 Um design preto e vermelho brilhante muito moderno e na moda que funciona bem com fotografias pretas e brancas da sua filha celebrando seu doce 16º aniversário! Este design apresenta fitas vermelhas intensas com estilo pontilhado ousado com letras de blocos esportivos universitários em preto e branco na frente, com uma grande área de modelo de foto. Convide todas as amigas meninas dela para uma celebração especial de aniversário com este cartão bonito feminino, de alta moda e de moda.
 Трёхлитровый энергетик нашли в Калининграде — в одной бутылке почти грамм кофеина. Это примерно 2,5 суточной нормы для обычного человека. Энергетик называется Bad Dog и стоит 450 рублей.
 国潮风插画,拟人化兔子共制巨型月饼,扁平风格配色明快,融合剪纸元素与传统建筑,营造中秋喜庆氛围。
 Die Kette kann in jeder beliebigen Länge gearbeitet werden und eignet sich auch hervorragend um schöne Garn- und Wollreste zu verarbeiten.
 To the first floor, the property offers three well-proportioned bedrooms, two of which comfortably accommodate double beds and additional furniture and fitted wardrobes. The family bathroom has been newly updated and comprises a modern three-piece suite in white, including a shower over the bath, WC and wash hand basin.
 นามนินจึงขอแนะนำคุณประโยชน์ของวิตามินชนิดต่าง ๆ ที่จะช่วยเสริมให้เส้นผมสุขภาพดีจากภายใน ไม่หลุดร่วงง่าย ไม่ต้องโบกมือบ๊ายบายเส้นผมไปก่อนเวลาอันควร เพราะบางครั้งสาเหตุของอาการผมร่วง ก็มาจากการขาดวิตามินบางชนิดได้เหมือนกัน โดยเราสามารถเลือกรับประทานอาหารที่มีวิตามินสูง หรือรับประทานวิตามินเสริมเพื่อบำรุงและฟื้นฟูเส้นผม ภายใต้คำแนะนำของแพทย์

§ §

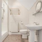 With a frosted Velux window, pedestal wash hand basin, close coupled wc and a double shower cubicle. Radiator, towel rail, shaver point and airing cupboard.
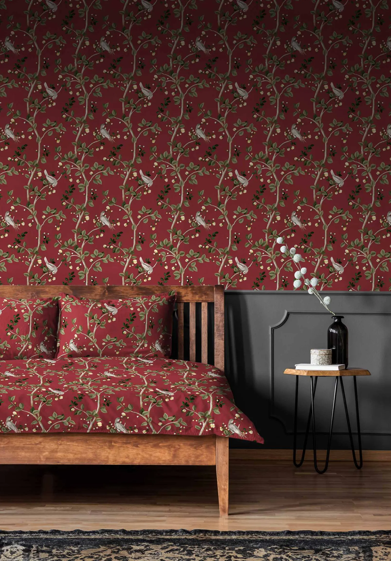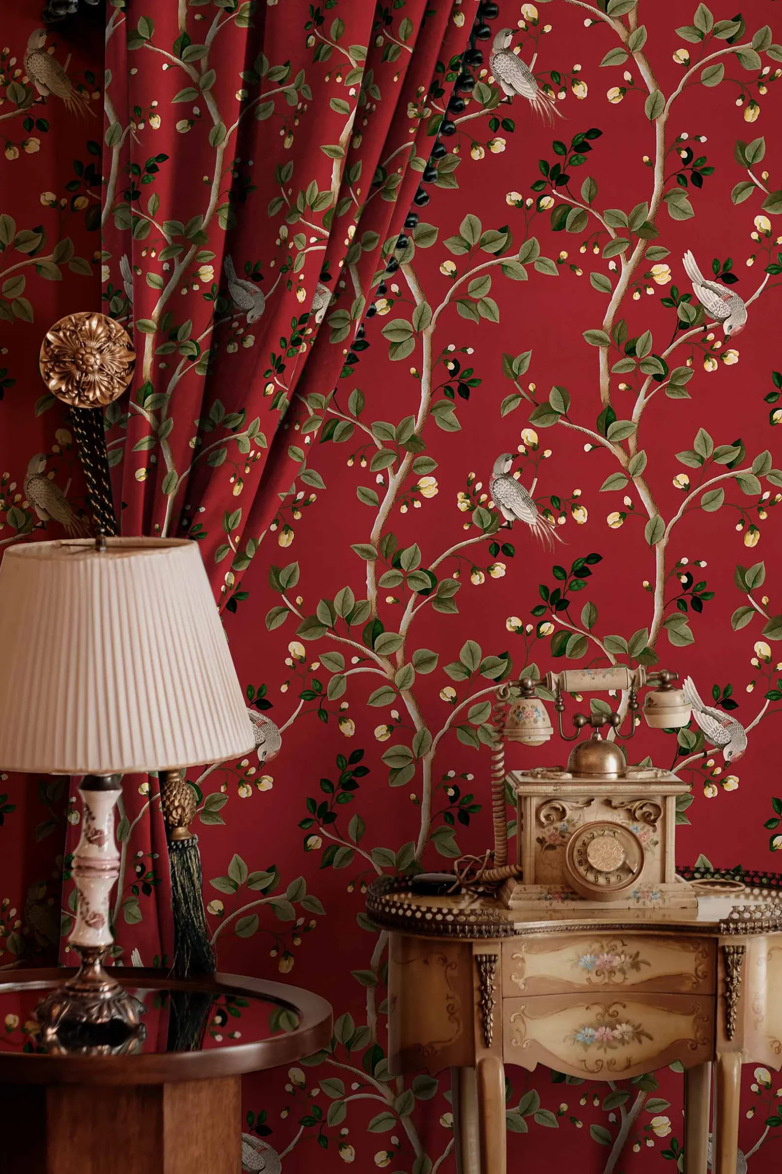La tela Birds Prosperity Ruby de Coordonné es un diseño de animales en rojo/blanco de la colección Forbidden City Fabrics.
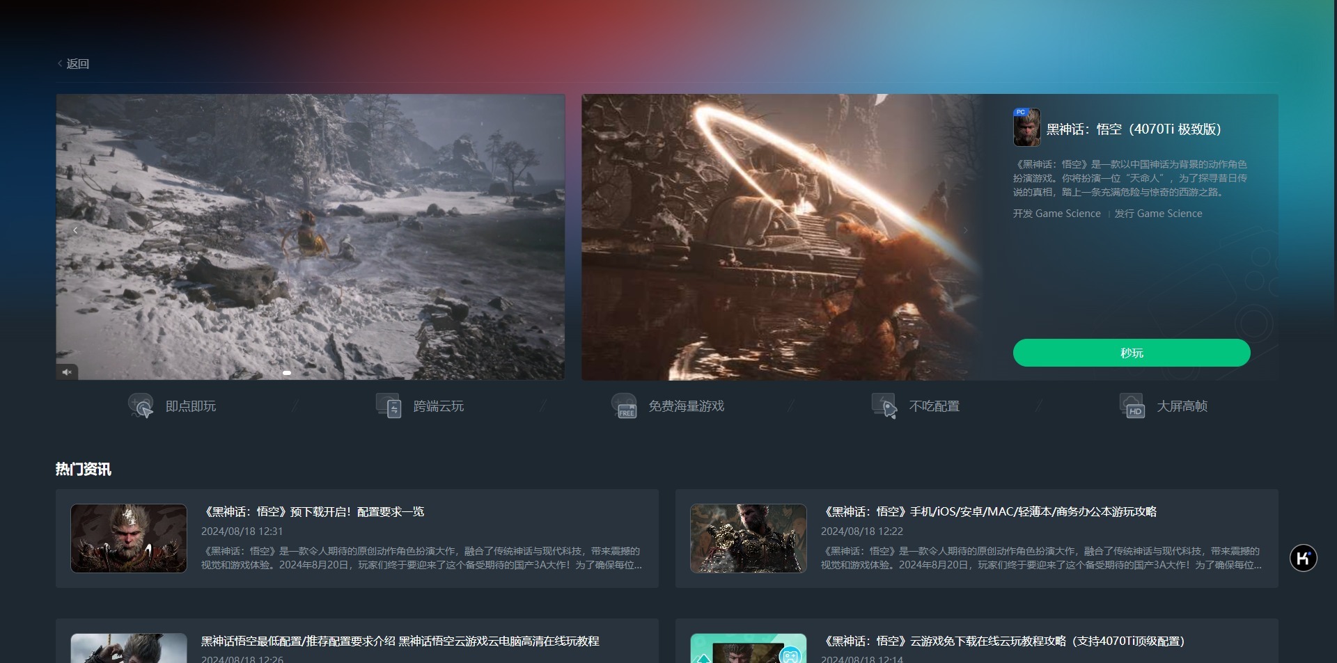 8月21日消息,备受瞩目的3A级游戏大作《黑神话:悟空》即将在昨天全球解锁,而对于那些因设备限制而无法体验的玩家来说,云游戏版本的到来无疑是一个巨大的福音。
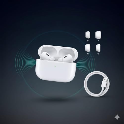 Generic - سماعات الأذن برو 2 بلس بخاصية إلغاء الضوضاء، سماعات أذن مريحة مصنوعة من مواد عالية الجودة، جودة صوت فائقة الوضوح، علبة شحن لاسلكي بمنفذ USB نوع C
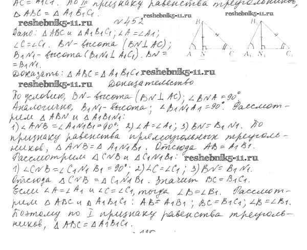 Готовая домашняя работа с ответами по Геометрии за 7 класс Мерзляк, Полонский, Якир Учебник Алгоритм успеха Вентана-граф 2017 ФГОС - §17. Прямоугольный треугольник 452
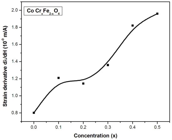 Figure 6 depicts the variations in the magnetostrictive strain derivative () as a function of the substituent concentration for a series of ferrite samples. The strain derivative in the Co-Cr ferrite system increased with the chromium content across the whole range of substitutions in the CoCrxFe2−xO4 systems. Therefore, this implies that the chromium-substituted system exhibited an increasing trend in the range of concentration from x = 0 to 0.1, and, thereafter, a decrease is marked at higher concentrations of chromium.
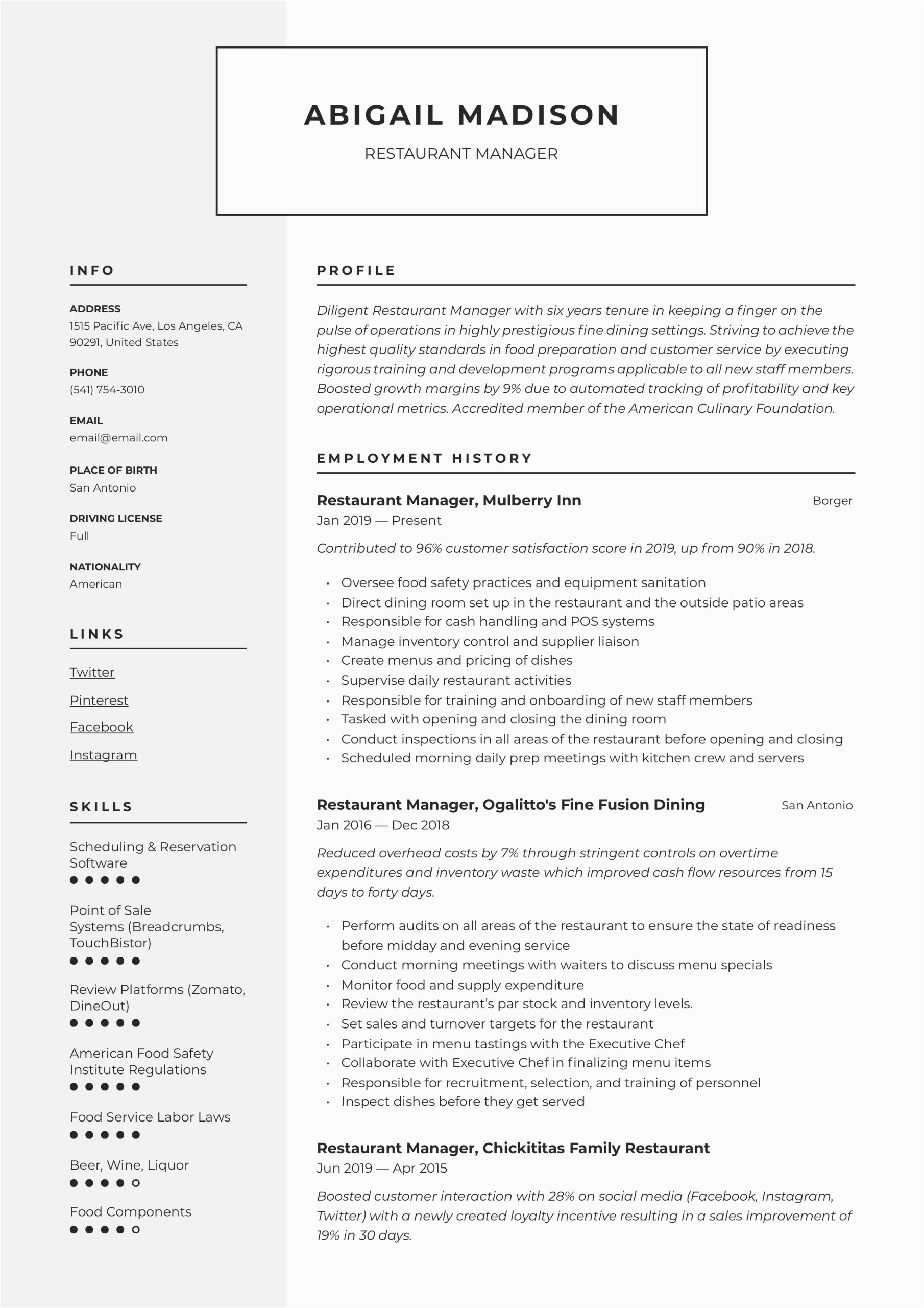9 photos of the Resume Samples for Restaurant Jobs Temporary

§ §

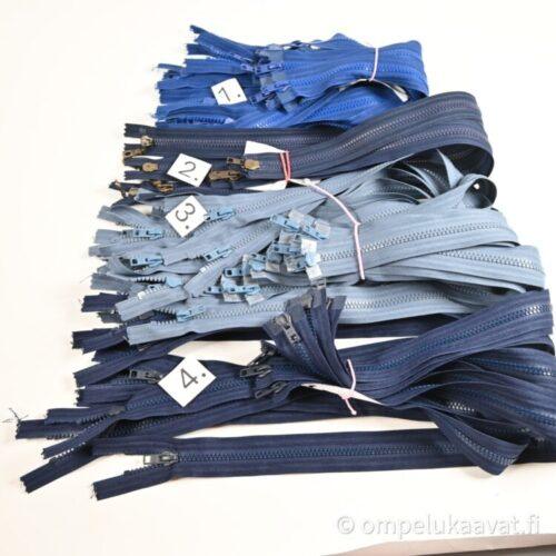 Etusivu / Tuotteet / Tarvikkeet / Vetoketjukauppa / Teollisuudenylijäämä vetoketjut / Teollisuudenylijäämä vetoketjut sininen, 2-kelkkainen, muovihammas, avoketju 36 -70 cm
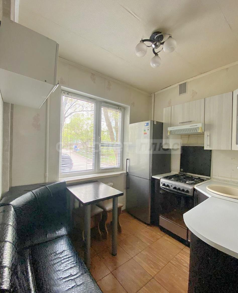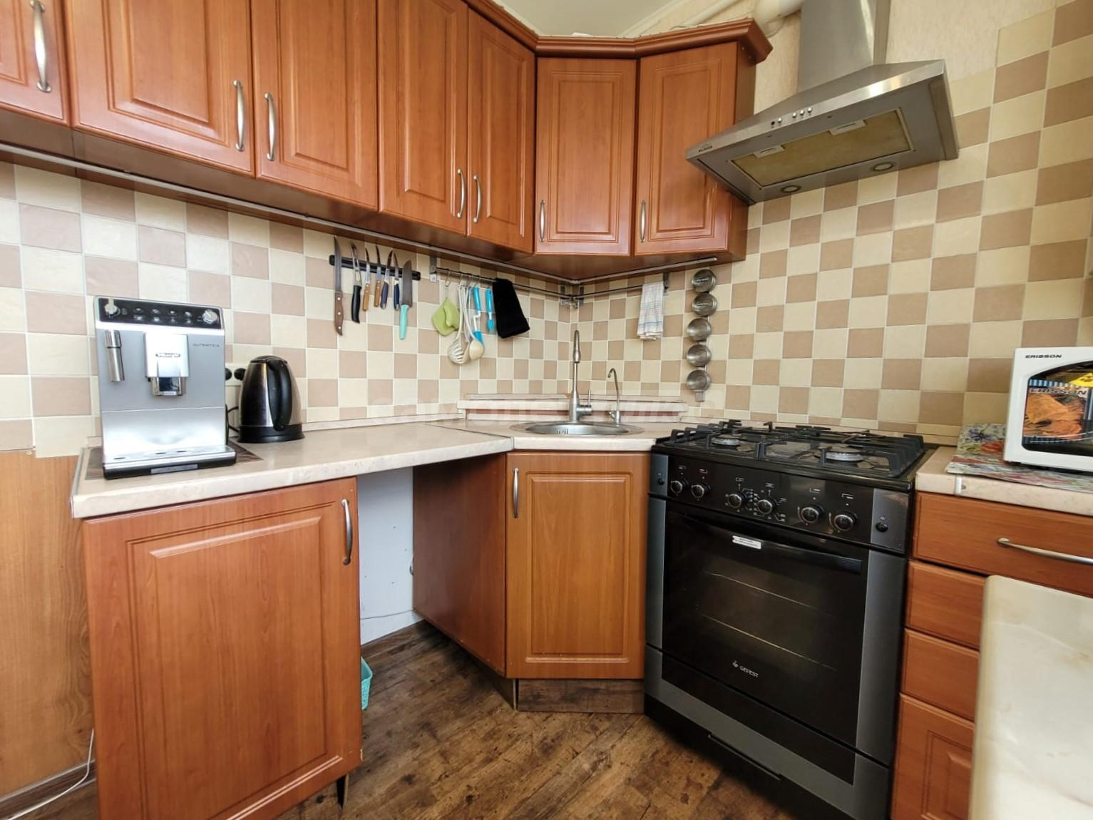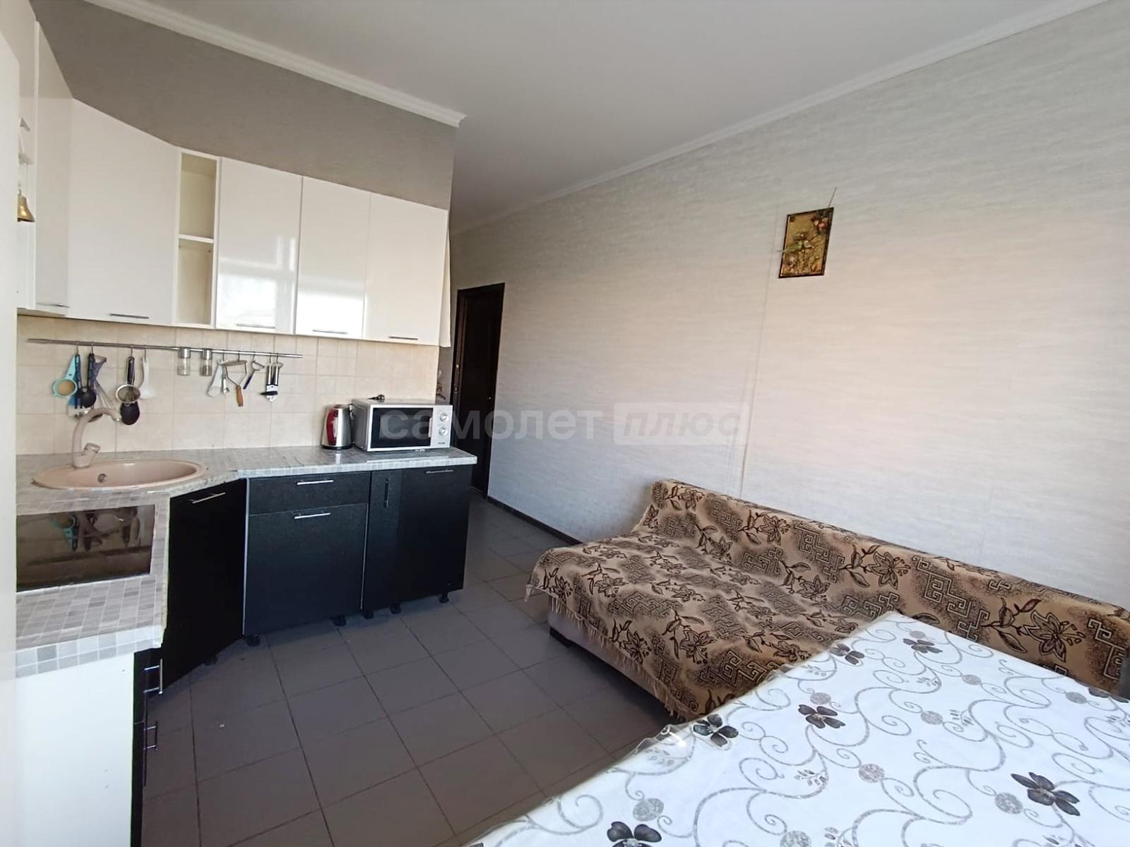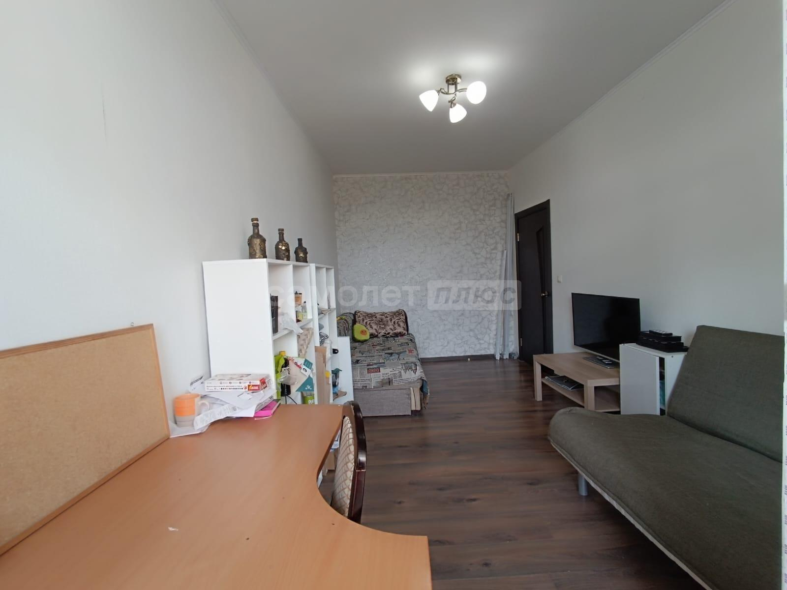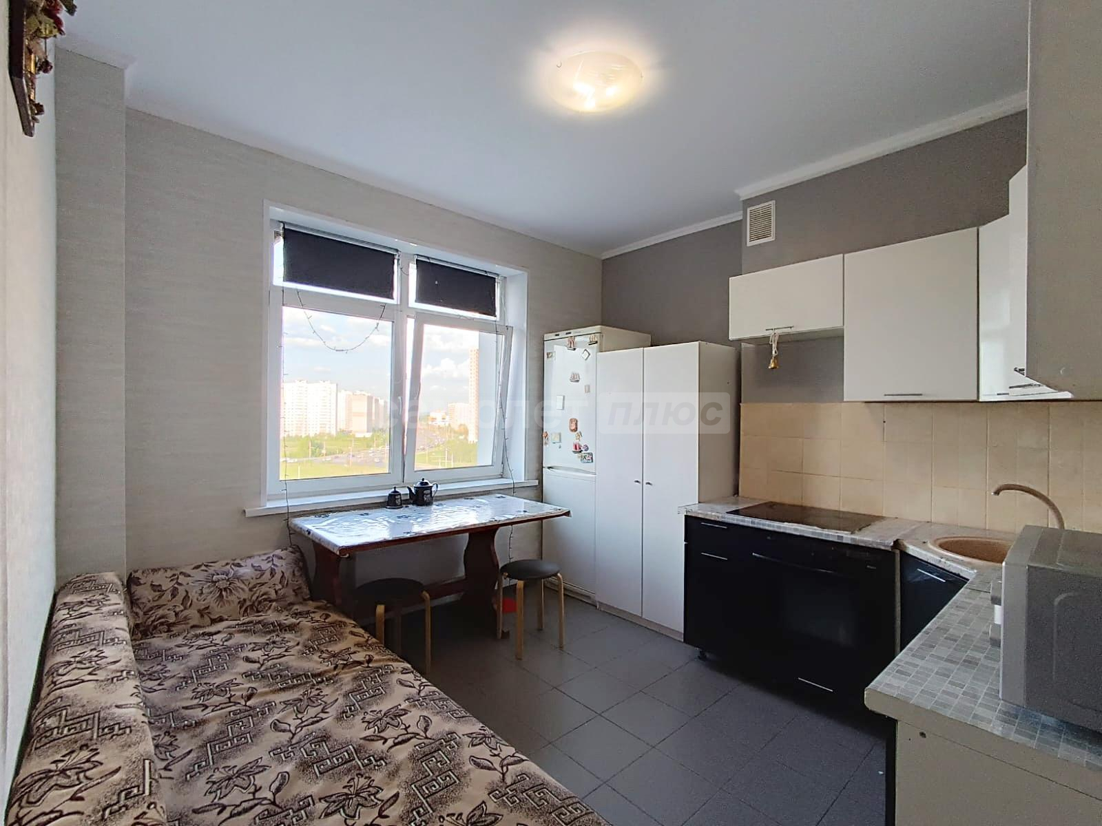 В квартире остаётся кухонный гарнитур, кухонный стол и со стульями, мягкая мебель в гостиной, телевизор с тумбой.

§ §

● **What this task involves**
Give back the records above exactly, limited to the lines between the one holding "Um design preto" and the one holding "Die Kette kann", inclusive.

● **Solution for this problem**
 Um design preto e vermelho brilhante muito moderno e na moda que funciona bem com fotografias pretas e brancas da sua filha celebrando seu doce 16º aniversário! Este design apresenta fitas vermelhas intensas com estilo pontilhado ousado com letras de blocos esportivos universitários em preto e branco na frente, com uma grande área de modelo de foto. Convide todas as amigas meninas dela para uma celebração especial de aniversário com este cartão bonito feminino, de alta moda e de moda.
 Трёхлитровый энергетик нашли в Калининграде — в одной бутылке почти грамм кофеина. Это примерно 2,5 суточной нормы для обычного человека. Энергетик называется Bad Dog и стоит 450 рублей.
 国潮风插画,拟人化兔子共制巨型月饼,扁平风格配色明快,融合剪纸元素与传统建筑,营造中秋喜庆氛围。
 Die Kette kann in jeder beliebigen Länge gearbeitet werden und eignet sich auch hervorragend um schöne Garn- und Wollreste zu verarbeiten.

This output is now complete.